Exercise materials:
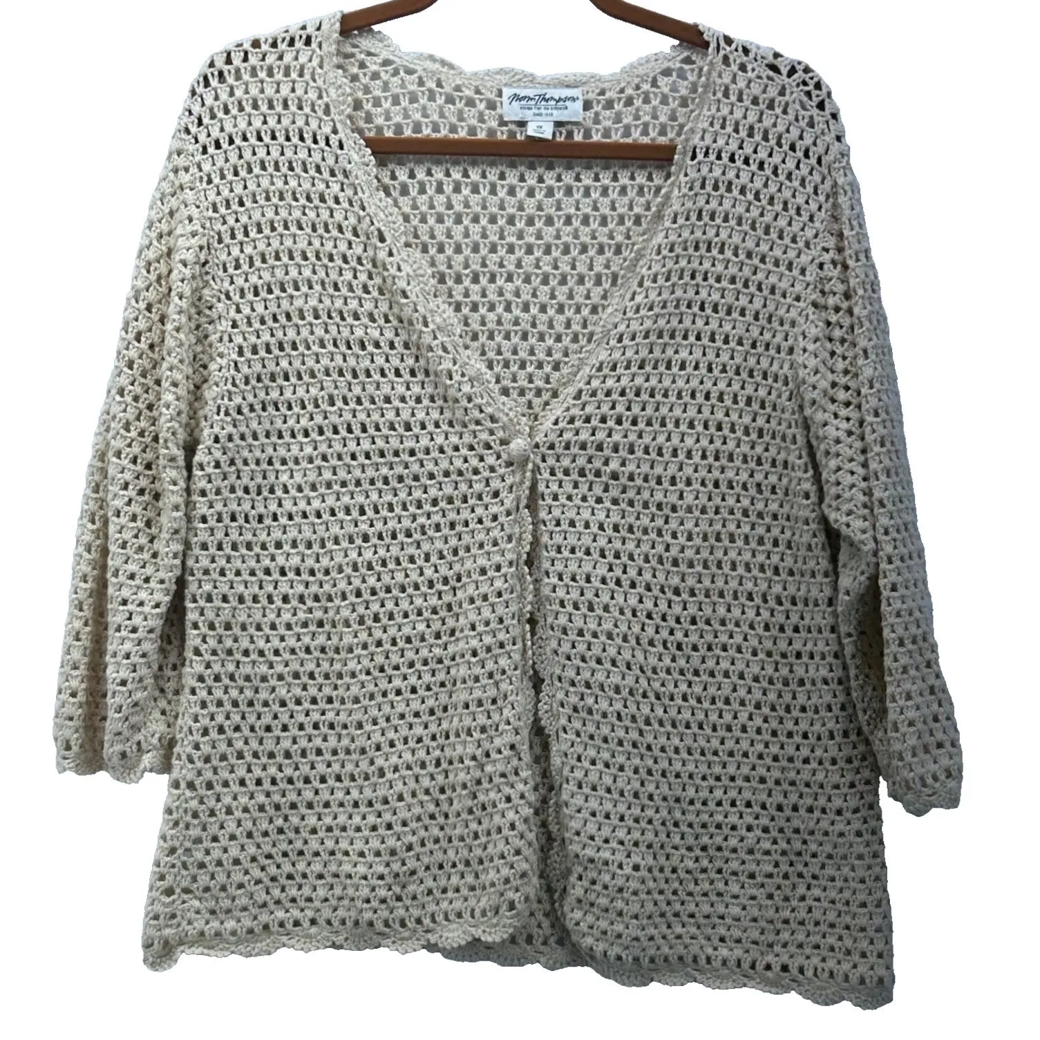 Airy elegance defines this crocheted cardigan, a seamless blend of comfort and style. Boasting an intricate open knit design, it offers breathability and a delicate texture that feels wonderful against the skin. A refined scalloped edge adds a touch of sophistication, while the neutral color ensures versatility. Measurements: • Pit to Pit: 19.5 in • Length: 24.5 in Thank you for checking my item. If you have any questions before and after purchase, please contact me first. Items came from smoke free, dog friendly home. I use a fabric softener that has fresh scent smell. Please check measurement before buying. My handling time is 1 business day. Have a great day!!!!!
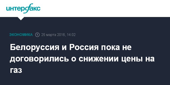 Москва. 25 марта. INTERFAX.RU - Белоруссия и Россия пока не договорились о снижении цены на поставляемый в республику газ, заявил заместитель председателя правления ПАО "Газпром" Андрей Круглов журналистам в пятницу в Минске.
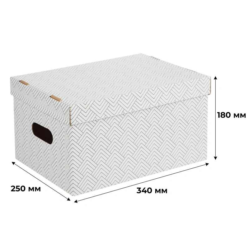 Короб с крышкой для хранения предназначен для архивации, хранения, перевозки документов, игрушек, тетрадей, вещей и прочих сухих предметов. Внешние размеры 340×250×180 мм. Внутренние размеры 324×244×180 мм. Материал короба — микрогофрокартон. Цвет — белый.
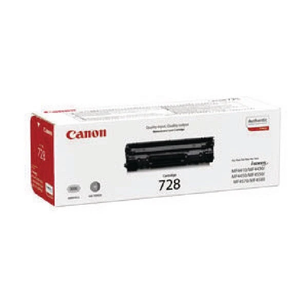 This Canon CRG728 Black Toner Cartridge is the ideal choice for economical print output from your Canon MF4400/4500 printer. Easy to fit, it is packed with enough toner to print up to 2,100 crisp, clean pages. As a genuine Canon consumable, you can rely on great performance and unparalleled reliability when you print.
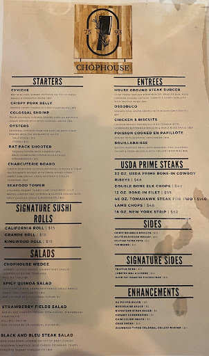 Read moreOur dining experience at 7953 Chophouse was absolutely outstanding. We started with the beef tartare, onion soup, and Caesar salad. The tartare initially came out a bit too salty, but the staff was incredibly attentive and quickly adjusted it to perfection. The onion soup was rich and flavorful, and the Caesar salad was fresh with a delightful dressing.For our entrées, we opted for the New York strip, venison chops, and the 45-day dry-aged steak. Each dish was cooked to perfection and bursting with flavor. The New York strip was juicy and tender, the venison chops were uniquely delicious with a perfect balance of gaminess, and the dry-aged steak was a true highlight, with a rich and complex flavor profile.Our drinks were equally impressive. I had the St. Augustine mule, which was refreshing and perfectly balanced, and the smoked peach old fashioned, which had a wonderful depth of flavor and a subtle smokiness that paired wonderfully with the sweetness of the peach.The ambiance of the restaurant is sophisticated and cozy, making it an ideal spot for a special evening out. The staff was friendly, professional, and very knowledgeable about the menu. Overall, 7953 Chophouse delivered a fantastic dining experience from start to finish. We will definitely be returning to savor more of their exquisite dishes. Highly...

Your task: Restate only the lines running from the start of the material above through the line containing "Москва. 25 марта.", ends included. No pictures.

Task response:
 Airy elegance defines this crocheted cardigan, a seamless blend of comfort and style. Boasting an intricate open knit design, it offers breathability and a delicate texture that feels wonderful against the skin. A refined scalloped edge adds a touch of sophistication, while the neutral color ensures versatility. Measurements: • Pit to Pit: 19.5 in • Length: 24.5 in Thank you for checking my item. If you have any questions before and after purchase, please contact me first. Items came from smoke free, dog friendly home. I use a fabric softener that has fresh scent smell. Please check measurement before buying. My handling time is 1 business day. Have a great day!!!!!
 Москва. 25 марта. INTERFAX.RU - Белоруссия и Россия пока не договорились о снижении цены на поставляемый в республику газ, заявил заместитель председателя правления ПАО "Газпром" Андрей Круглов журналистам в пятницу в Минске.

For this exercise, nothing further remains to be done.